И Энн улыбнулась Роберту. Как бы много они ни работали, у них всегда находилось время друг для друга, и это было одним из секретов их супружеского долголетия. Насколько она знала, абсолютное большинство ее друзей и подруг по колледжу успели уже по несколько раз жениться или побывать замужем, и только они с Эриком оставались верны друг другу.

— В последнее время жизнь стала слишком напряженной, а может быть, мои нервы уже не так крепки, как когда-то, — добавила она. — Я люблю детей, но иногда мне хочется просто посидеть спокойно. У нас в Шугабуше порой бывало так шумно, что у бедняги Роберта просто раскалывалась голова. Я понимаю, что дети — народ непоседливый и шумный, но все хорошо в меру.

Они были рады, что вернулись домой; так они и сказали друг другу по пути к Моррисонам.

— Я уверен, что буду относиться к внукам куда лучше, когда окончательно состарюсь и оглохну на оба уха, — вставил свое слово Роберт, опуская свой бокал на журнальный столик. — Или когда они вырастут…

Он хотел добавить что-то еще, но тут зазвонил звонок, и все четверо невольно посмотрели на часы.

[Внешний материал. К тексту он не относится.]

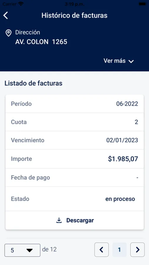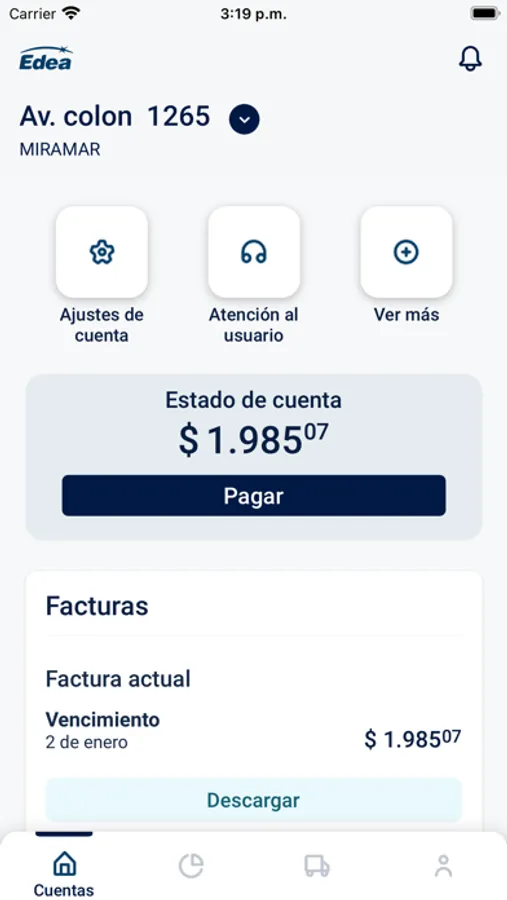 4. Factura: visualiza la fecha de vencimiento, el monto y la condición de pagas o impagas de las últimas doce facturas correspondientes a tu cuenta. En caso de registrar deuda, la aplicación te permite abonarla con tu tarjeta de crédito.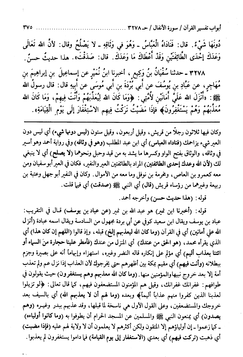 قوله (أخبرنا بن نُمَيْرٍ) هُوَ عَبْدُ اللَّهِ بْنُ نُمَيْرٍ (عَنْ عَبَّادِ بْنِ يُوسُفَ) قَالَ فِي التَّقْرِيبِ عباد بن يوسف ويقال بن سَعِيدٍ كُوفِيٌّ عَنْ أَبِي بُرْدَةَ مَجْهُولٌ مِنَ السَّادِسَةِ وَيُقَالُ اسْمُهُ عُبَادَةُ (أَنْزَلَ اللَّهُ عَلَيَّ أَمَانَيْنِ) أَيْ فِي الْقُرْآنِ وَمَا كَانَ اللَّهُ لِيُعَذِّبَهُمْ إِلَخْ قَبْلَهُ وَإِذْ قَالُوا اللَّهُمَّ إِنْ كان هذا أي الذي يقرأه مُحَمَّدٌ هُوَ الْحَقَّ مِنْ عِنْدِكَ أَيِ الْمُنَزَّلَ مِنْ عِنْدِكَ فَأَمْطِرْ عَلَيْنَا حِجَارَةً مِنَ السَّمَاءِ أو ائتنا بعذاب أليم أَيْ مُؤْلِمٍ عَلَى إِنْكَارِهِ قَالَهُ النَّضْرُ وَغَيْرُهُ اسْتِهْزَاءً وَإِيهَامًا أَنَّهُ عَلَى بَصِيرَةٍ وَجَزْمٍ بِبُطْلَانِهِ (وَأَنْتَ فِيهِمْ) أَيْ مُقِيمٌ بِمَكَّةَ بَيْنَ أَظْهُرِهِمْ حَتَّى يُخْرِجُوكَ لِأَنَّ الْعَذَابَ إِذَا نَزَلَ عَمَّ وَلَمْ تُعَذَّبْ أُمَّةٌ إِلَّا بَعْدَ خُرُوجِ نَبِيِّهَا وَالْمُؤْمِنُونَ مِنْهَا

Времени было всего половина восьмого, что означало — Донелли бьют собственный рекорд пунктуальности. Обычно они опаздывали на час-полтора, причем каждый обвинял в задержке другого. Впрочем, в этом отношении сегодняшний день не был исключением.

Эрик пошел открывать дверь, и уже через минуту из прихожей донеслись возбужденные голоса Паскаль и Джона.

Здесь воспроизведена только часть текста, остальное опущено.